Threat model and security guarantees for Secure LSL.


Architecture Overview

Secure LSL implements a centrally-managed authorization model designed for the operational realities of research and clinical data acquisition environments. A trusted administrator generates a keypair and provisions it to all authorized devices within a deployment. Private keys are encrypted at rest using a passphrase-derived key, providing resistance against offline attacks on stolen configuration files.

Data transmission uses unique per-connection session keys derived through key agreement and key derivation, with authenticated encryption providing confidentiality, integrity, and replay protection. This architecture establishes a cryptographically enforced trust boundary at the network level while remaining transparent to dynamically linked applications, requiring no code changes for the vast majority of existing LSL software. Statically linked C++ applications must be recompiled against liblsl-secure.


Threat Model

Assets to Protect

  1. Biosignal data in transit: EEG, EMG, ECG, and other physiological signals
  2. Research integrity: Ensuring recorded data hasn't been tampered with
  3. Device authenticity: Verifying data sources are legitimate

Adversary Capabilities

Secure LSL protects against adversaries who can:

Capability Protected?
Read network traffic (passive eavesdropping) Yes
Modify network traffic (active MITM) Yes
Inject packets into the network Yes
Replay captured packets Yes
Connect unauthorized devices Yes
Compromise the network infrastructure Yes

Secure LSL does NOT protect against:

Capability Why Not
Physical access to devices Out of scope (endpoint security)
Compromise of endpoint OS Out of scope (endpoint security)
Denial of service Network-level mitigation required
Side-channel attacks on the host Mitigated by libsodium, not fully prevented

Security Guarantees

Confidentiality

Guarantee: Only authorized endpoints can read biosignal data.

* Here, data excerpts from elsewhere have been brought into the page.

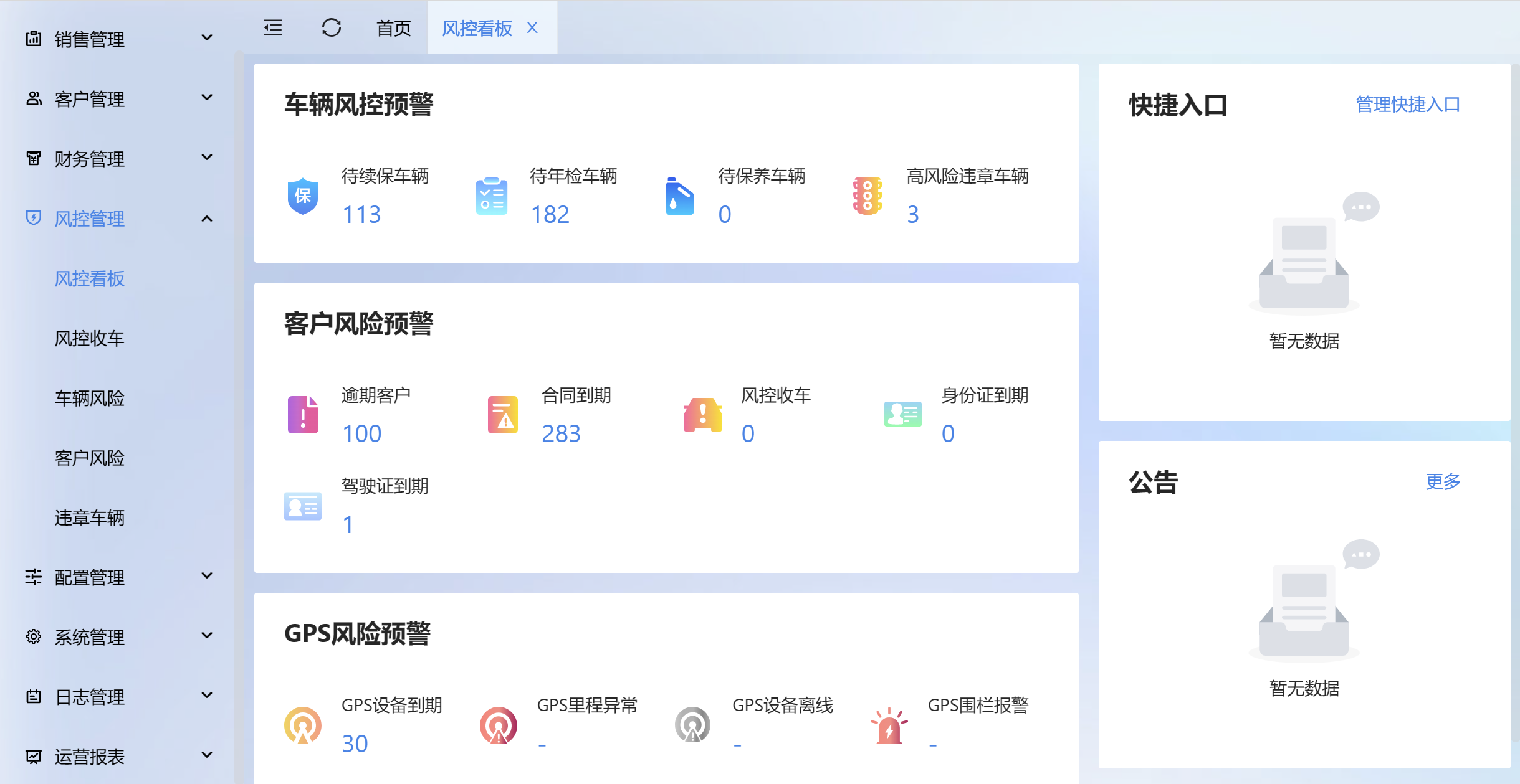风控看板可查看车辆、客户和GPS设备的风控概况和公告信息。
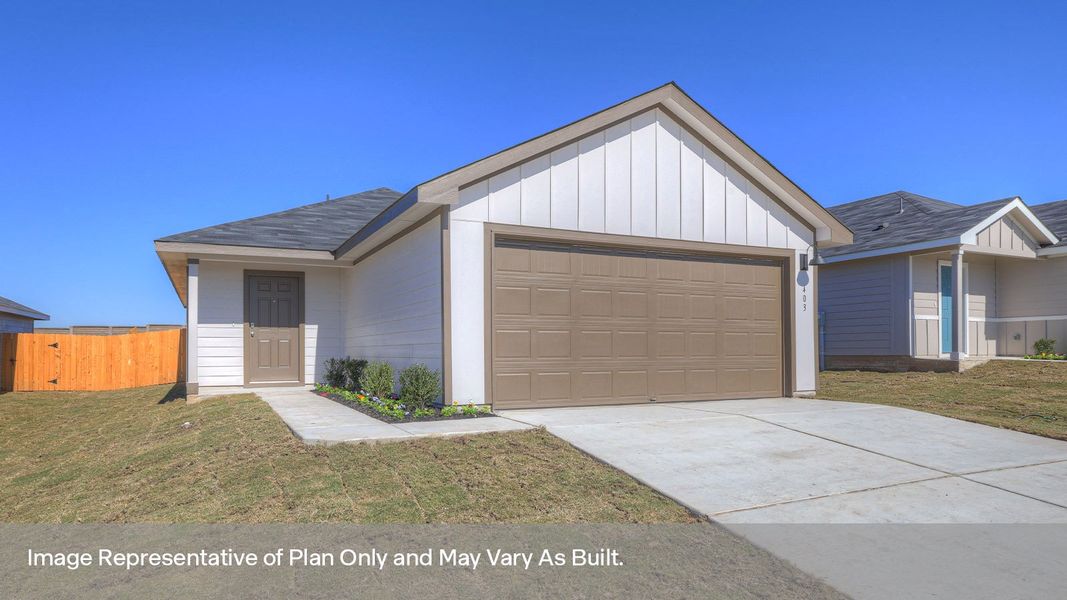 Check out the Barton, one of our one-story floorplans available at Bollinger in Maxwell, Texas. This 3 bedroom, 2 bathroom home includes a 2-car garage all within 1,280 square feet of comfortable living space. Our homes in Bollinger feature our modern farmhouse exteriors and the Barton is available in 2 exterior options.
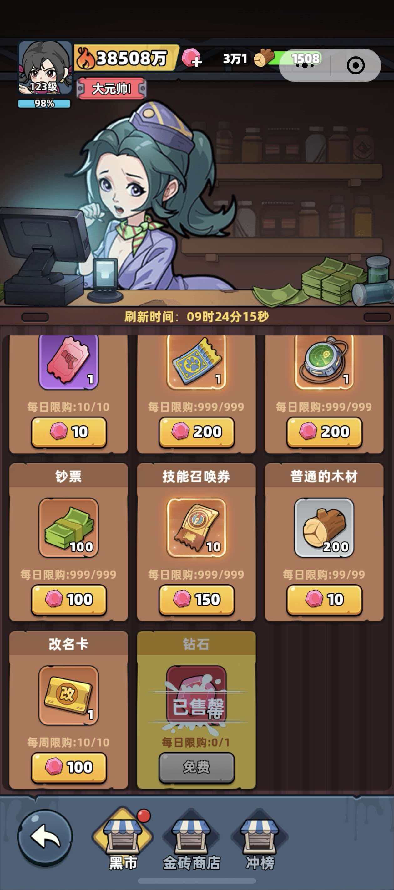 除自主采集外,黑市为另一稳定木材来源。操作路径为:点击屏幕右侧【更多】→进入【黑市】→向下滑动至【普通木材】商品栏。确认所需数量后即可完成购买。当前定价为10格粉钻兑换200根木材,属高性价比选项。但需留意限购规则:每日最多可购99份(即每份按实际购买数量计算,总份数上限为99),建议在木材紧缺周期优先使用该渠道补足缺口。
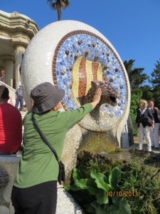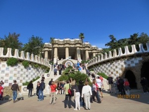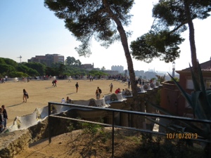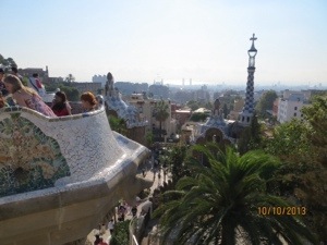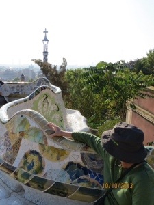 Th architecture is extraordinary. You get the sense that uniqueness is the goal. Even the modern, high rise glass cubes are in the shape of pickles and sails. The effects of Modernesme and Art Nouveau are pervasive. The imprint of Gaudi is unique. In his presence you can feel his genius. Today we visited the Parc Guell which overlooks the old city center. It was to be a Gaudi designed ideal urban housing development. The park elements were completed and you can judge for your self what the the place would have looked like if the homes were built. I still find it difficult to get away from the Dr. Seuss comparison. They must have fun comparing heavenly notes.
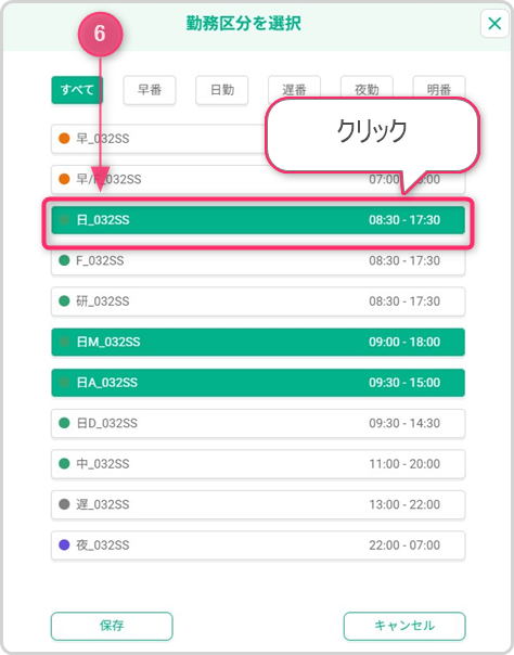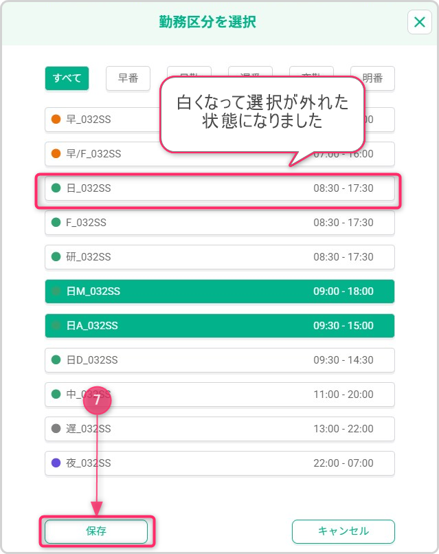 3.勤務区分の選択画面から2つのグループで登録されている勤務区分をクリックして緑色の選択を外します。

  • Authenticated encryption with 256-bit symmetric keys
  • Unique session keys per connection
  • Key material never transmitted in plaintext

Integrity

Guarantee: Any modification to data in transit is detected.

  • Per-packet message authentication
  • Verification before decryption
  • In testing, 10,000 modified packets were presented: 100% detected and rejected

Authorization

Guarantee: Only devices with the shared keypair can communicate.

  • Public key comparison during connection establishment
  • Mutual verification ensures both parties possess matching credentials
  • Mismatched keys result in immediate connection rejection

Replay Protection

Guarantee: Captured packets cannot be re-injected.

  • Monotonically increasing nonces per connection
  • Sliding window tolerates minor reordering
  • In testing, all replay attempts were rejected

Session Key Isolation

Guarantee: Each connection uses a unique session key.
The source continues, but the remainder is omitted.